§ Problem
Practice item. Set the material below down again exactly, with no pictures.

§ Given information
┌────────

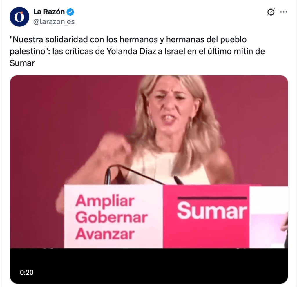 Además de esta instrumentalización, existe otra dimensión que ha de ser considerada. Con toda la complejidad que tiene el conflicto de Oriente Medio, es posible identificar partes en él. Simplificando mucho, por un lado Israel y por otra los palestinos. En España hay quien se adscribe sin matices a la causa palestina, son «los suyos» y defienden sus avances como propios y lamentan cualquier retroceso que padezcan. Las manifestaciones que siguieron inmediatamente a los atentados del 7 de octubre de 2023 a las que me refería antes no se explican sin este componente de «son los nuestros».
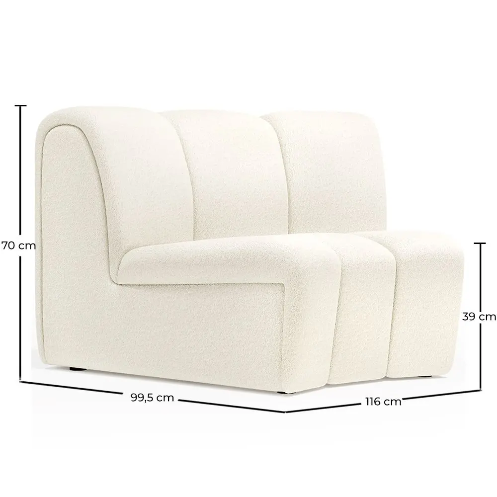 Presentamos nuestro módulo de sofá con un diseño curvo que redefine el concepto de confort y modernidad. Tapizado en tela bouclé de primera calidad, este módulo no solo es visualmente llamativo con su forma elegante, sino que también proporciona una experiencia de asiento lujosa. Perfecto para hoteles y restaurantes que valoran la calidad y el diseño, este módulo se puede combinar de manera fluida con nuestro módulo recto, permitiéndote crear un sofá personalizado que se adapte a tu estilo y espacio. Cada detalle de este módulo ha sido cuidadosamente diseñado para ofrecer una combinación perfecta de estilo contemporáneo y comodidad insuperable.
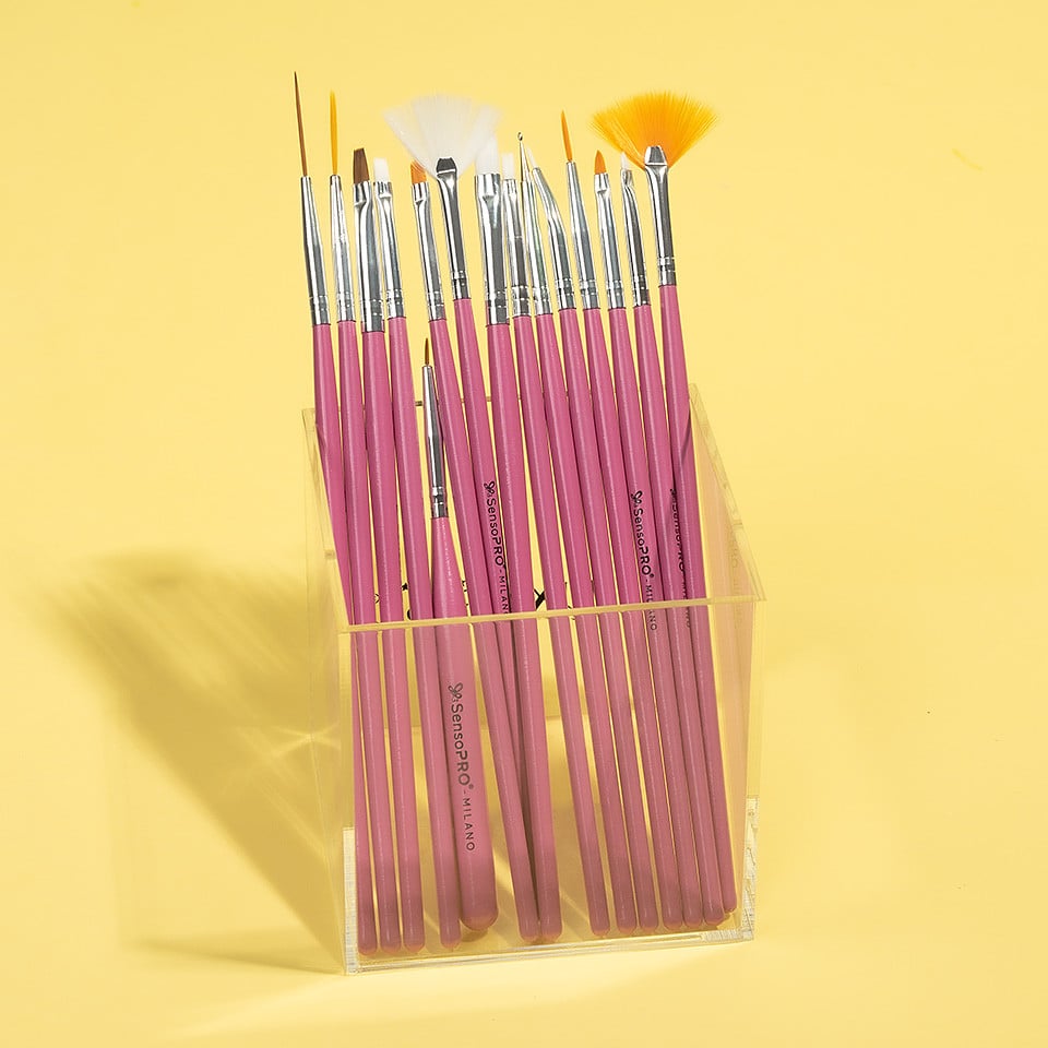 Set 15 Pensule Manichiura SensoPRO Milano, Soft Pink iti propune varfuri de marimi si forme diferite pentru constructia si decorarea unghiilor false . Se pot folosi si la realizarea diverselor modele cu vopsele acrilice. Se recomanda curatarea pensulelor dupa fiecare utilizare. Setul Soft Pink contine instrumente de calitate pentru trasarea liniilor de nail art cu precizie, pentru constructia unghiilor tehnice cu gel si pentru aplicarea glitterului sau a altor pulberi fine. Lungimile diferite, varfurile ascutite, drepte, in unghi sau rotunjite, modelele plate sau rotunde acopera toate tipurile de lucrari pe care o manichiura profesionala le cere. Alege Set 15 Pensule Manichiura SensoPRO Milano, Soft Pink si te vei bucura de o colectie completa de instrumente calitative de constructie si decorare unghii tehnice! Atentie! Suportul de pensule din poza secundara are rol de prezentare si se achizitoneaza separat!

└────────

§ Problem solution
 Además de esta instrumentalización, existe otra dimensión que ha de ser considerada. Con toda la complejidad que tiene el conflicto de Oriente Medio, es posible identificar partes en él. Simplificando mucho, por un lado Israel y por otra los palestinos. En España hay quien se adscribe sin matices a la causa palestina, son «los suyos» y defienden sus avances como propios y lamentan cualquier retroceso que padezcan. Las manifestaciones que siguieron inmediatamente a los atentados del 7 de octubre de 2023 a las que me refería antes no se explican sin este componente de «son los nuestros».
 Presentamos nuestro módulo de sofá con un diseño curvo que redefine el concepto de confort y modernidad. Tapizado en tela bouclé de primera calidad, este módulo no solo es visualmente llamativo con su forma elegante, sino que también proporciona una experiencia de asiento lujosa. Perfecto para hoteles y restaurantes que valoran la calidad y el diseño, este módulo se puede combinar de manera fluida con nuestro módulo recto, permitiéndote crear un sofá personalizado que se adapte a tu estilo y espacio. Cada detalle de este módulo ha sido cuidadosamente diseñado para ofrecer una combinación perfecta de estilo contemporáneo y comodidad insuperable.
 Set 15 Pensule Manichiura SensoPRO Milano, Soft Pink iti propune varfuri de marimi si forme diferite pentru constructia si decorarea unghiilor false . Se pot folosi si la realizarea diverselor modele cu vopsele acrilice. Se recomanda curatarea pensulelor dupa fiecare utilizare. Setul Soft Pink contine instrumente de calitate pentru trasarea liniilor de nail art cu precizie, pentru constructia unghiilor tehnice cu gel si pentru aplicarea glitterului sau a altor pulberi fine. Lungimile diferite, varfurile ascutite, drepte, in unghi sau rotunjite, modelele plate sau rotunde acopera toate tipurile de lucrari pe care o manichiura profesionala le cere. Alege Set 15 Pensule Manichiura SensoPRO Milano, Soft Pink si te vei bucura de o colectie completa de instrumente calitative de constructie si decorare unghii tehnice! Atentie! Suportul de pensule din poza secundara are rol de prezentare si se achizitoneaza separat!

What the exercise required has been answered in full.